Fed Chair Brushes Off Trump And Stays The Course

He is ignoring Trump’s demands.

On Wednesday, former President Donald Trump sharply criticized Federal Reserve Chair Jerome Powell, questioning his intelligence and urging him to lower interest rates. Despite Trump’s demands, the Fed once again chose to keep rates unchanged.

The Federal Reserve held the benchmark interest rate steady at a range of 4.25% to 4.5%, a level it has maintained since December, amid concerns over rising inflation and slowing economic growth. While the central bank did not make an immediate move, it left the door open for two potential rate cuts later this year.

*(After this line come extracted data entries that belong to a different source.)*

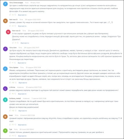 "Один из немногих сериалов, что заставляют задуматься и напрячься до конца. Я в восторге", "Не ожидала такого от японцев. Динамично, драйвово, держит в напряжении. Отлично отображает, что будет с людьми, если им дать слишком много свободы", "Концовка спорная и, наверное, не всем придется по душе. Но такие сюрреалистические истории и не закончишь более однозначно", "Отличная задумка", — среди прочего, пишут в комментариях.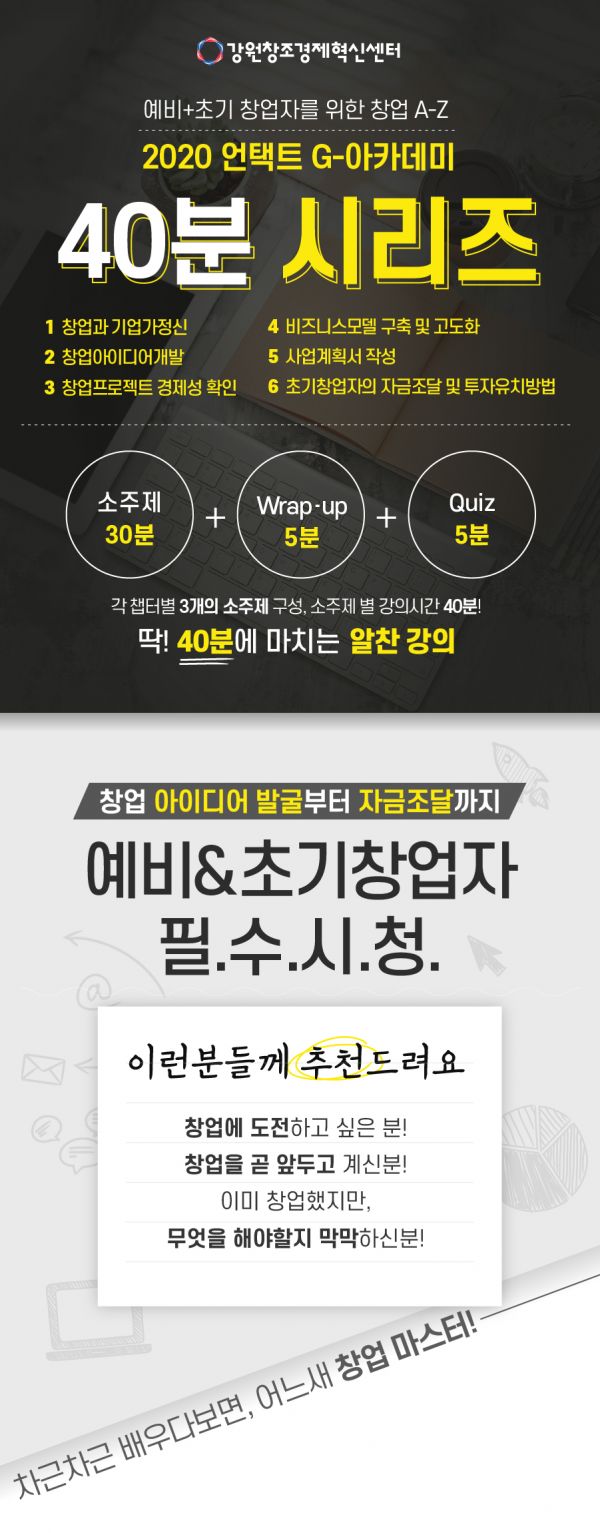 [충청뉴스큐] 강원창조경제혁신센터는 창업교육 프로그램인 ‘2020 언택트 G-아카데미’의 참가자를 모집한다고 밝혔다.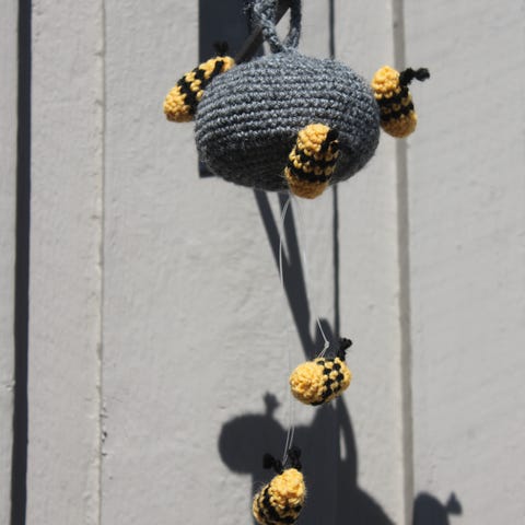 Uusi vaaleanharmaa virkattu valeampiaispesä/ampiaispesä.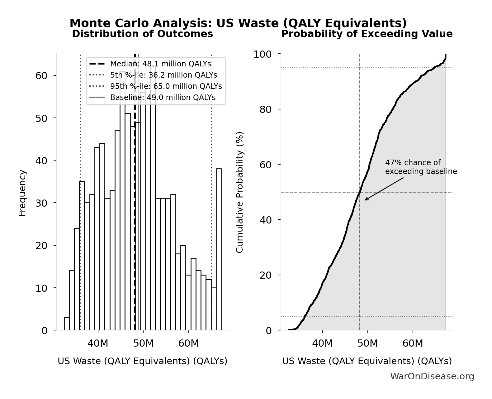 The histogram shows the distribution of US Waste (VSL Equivalents) across 10,000 Monte Carlo simulations. The CDF (right) shows the probability of the outcome exceeding any given value, which is useful for risk assessment.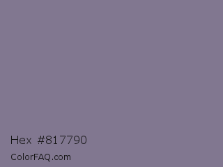 Hex #817790 Color is a normal violet color and the nearest color is Mobster #7f7589. Hex code #817790 and RGB value is rgb(129,119,144). In RGB color space, this color is composed of 51% red, 47% green, 56% blue, In CMYK color space, this color is composed of 10% cyan, 17% magenta, 0% yellow , 44% black , In HSL color space, this color has a hue angle of 264° , 10% saturation and 52% lightness.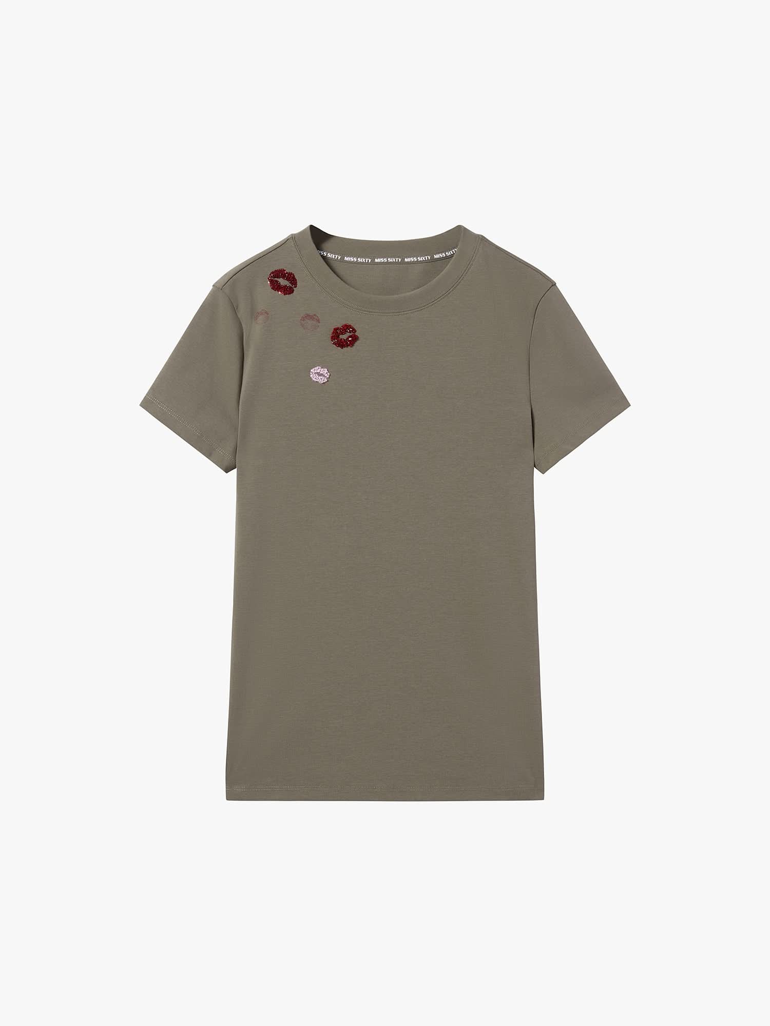 The T-shirt features a round neckline design with a simple and neat silhouette. Multi-colored bead-embroidered lip prints embellish the garment, highlighting its unique charm. Made from knit fabric with a tailored fit, it offers comfort and stretch, with a smooth and delicate texture, providing a comfortable and relaxed wearing experience.

Alongside its decision, the Fed released its “dot plot,” which showed some officials expect two rate reductions by the end of 2025. However, projections for 2026 and 2027 were trimmed by one cut each, suggesting a total of four rate cuts—equivalent to a full percentage point—over the next few years. The varied expectations among officials highlighted ongoing uncertainty about the future path of monetary policy, with forecasts indicating the federal funds rate could settle around 3.4% by 2027.

Trump seemed to anticipate the Fed’s reluctance to adjust rates, expressing frustration with Powell even before the announcement.

“He just refuses to lower rates. I don’t even think he’s political, I think he hates me,” Trump said, adding that he had tried everything to persuade Powell to cut rates.

This marked the fourth consecutive meeting with no change in the Fed’s key short-term interest rate. Reports suggest that officials remain concerned about the economic impact of Trump’s tariff policies.

The Fed also raised its inflation forecast for 2025 and lowered its economic growth outlook, reflecting the challenges posed by ongoing tariff adjustments. Since March, the expansion of import duties has dampened officials’ confidence in the economy, raising fears of stagflation—a troubling mix of inflation and stagnant growth.

For Trump, Powell’s stance is sure to be a source of continued dissatisfaction, and for consumers dealing with mortgages or credit card debt, the decision means higher borrowing costs remain in place.